If you purchased the common stock of HGSI during the Class Period and wish to serve as a lead plaintiff in the action, you must move the Court no later than 60 days from today. Any member of the investor class may move the Court to serve as lead plaintiff through counsel of its choice, or may choose to do nothing and remain an absent class member. If you wish to discuss this action or have questions concerning this notice or your rights, please contact Scott+Scott (scottlaw@scott-scott.com), (800) 404-7770, (860) 537-5537 or visit the Scott+Scott HGSI Pharmaceutical website for more information: www.scott-scott.com/cases/hgs.html.
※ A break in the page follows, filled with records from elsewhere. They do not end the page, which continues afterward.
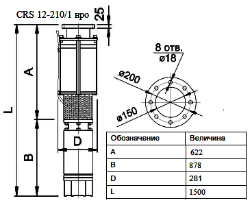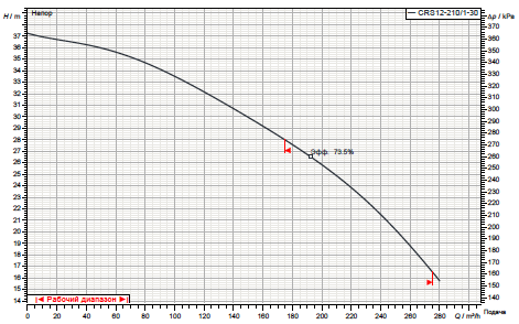 Технические, рабочие характеристики насоса Ciris CRS 12-210/1 нро.
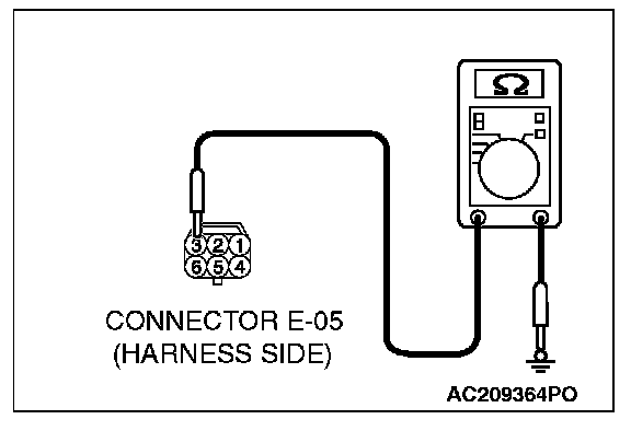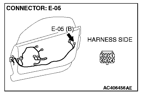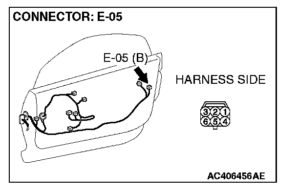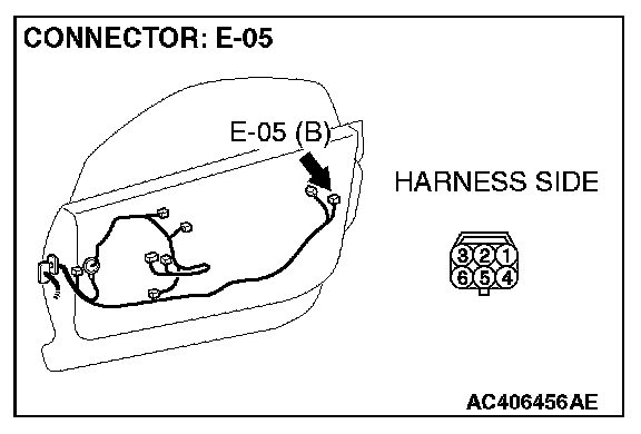 1. Disconnect door lock actuator (RH) connector E-05 and measure the resistance available at the wiring harness side of the connector.
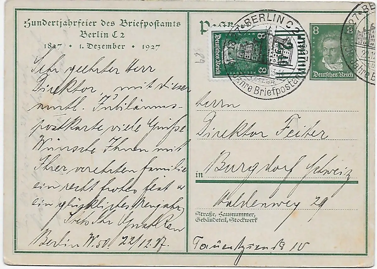 Ganzsache MiNr. 389 OR W Jahrhundertfeier des Briefpostamtes Berlin, 1927
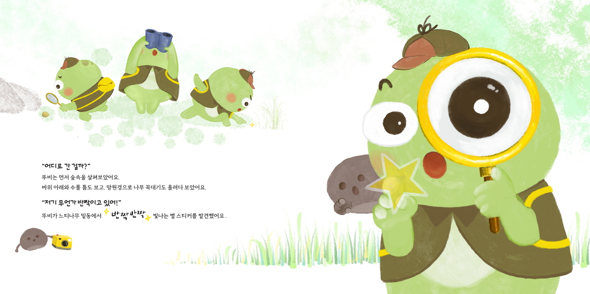 동화는 전국 최대 두꺼비 산란지인 망월지, 오형제나무가 있는 욱수골 등 수성구의 대표 생태 공간을 배경으로 뚜비와 도리가 사라진 아기 두꺼비를 찾아 나서는 모험을 그린다. 실제 수성구에서 관찰되는 오색딱따구리, 수달 등 다양한 생태종이 등장해 어린이들이 자연스럽게 지역 자연환경을 이해할 수 있도록 구성됐다.
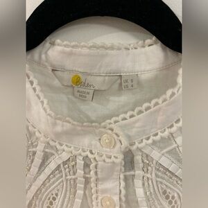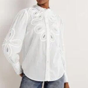 Statement trims take this lightweight cotton-voile blouse into event-ready territory.
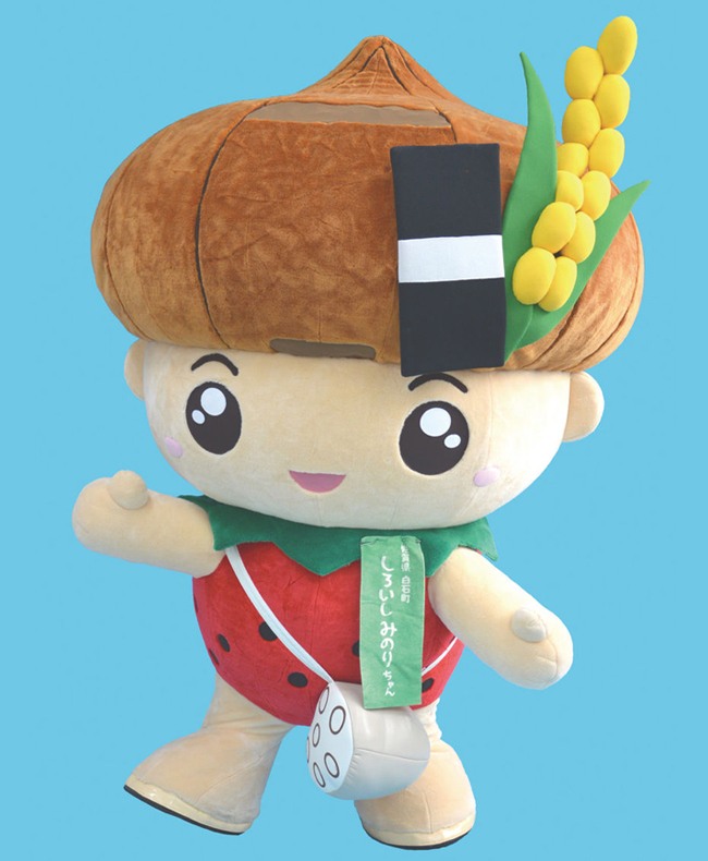 佐賀県白石町の特産物PRキャラクター『しろいしみのりちゃん』です。頭は玉葱、海苔と稲穂の髪飾り、体はイチゴにポシェットはレンコンと、白石町の特産物が一目でわかるようになっています。
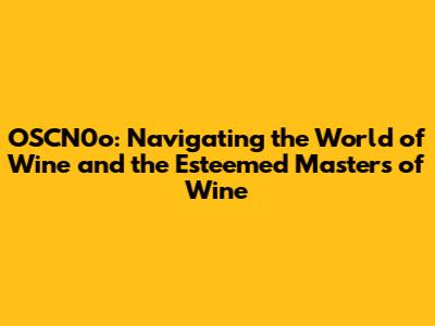 OSCN0o And The World Of Masters Of Wine

There is no cost or fee to you.
The complaint filed in the action alleges that, during the Class Period, HGSI issued false and misleading statements concerning Benlysta(R) (belimumab) ("Benlysta"), the Company's potential new drug for the treatment of Systemic Lupus Erythematosus, a chronic, life-threatening autoimmune disease. Specifically, the complaint alleges that defendants failed to disclose that Benlysta was associated with suicide in clinical drug trials conducted by the Company.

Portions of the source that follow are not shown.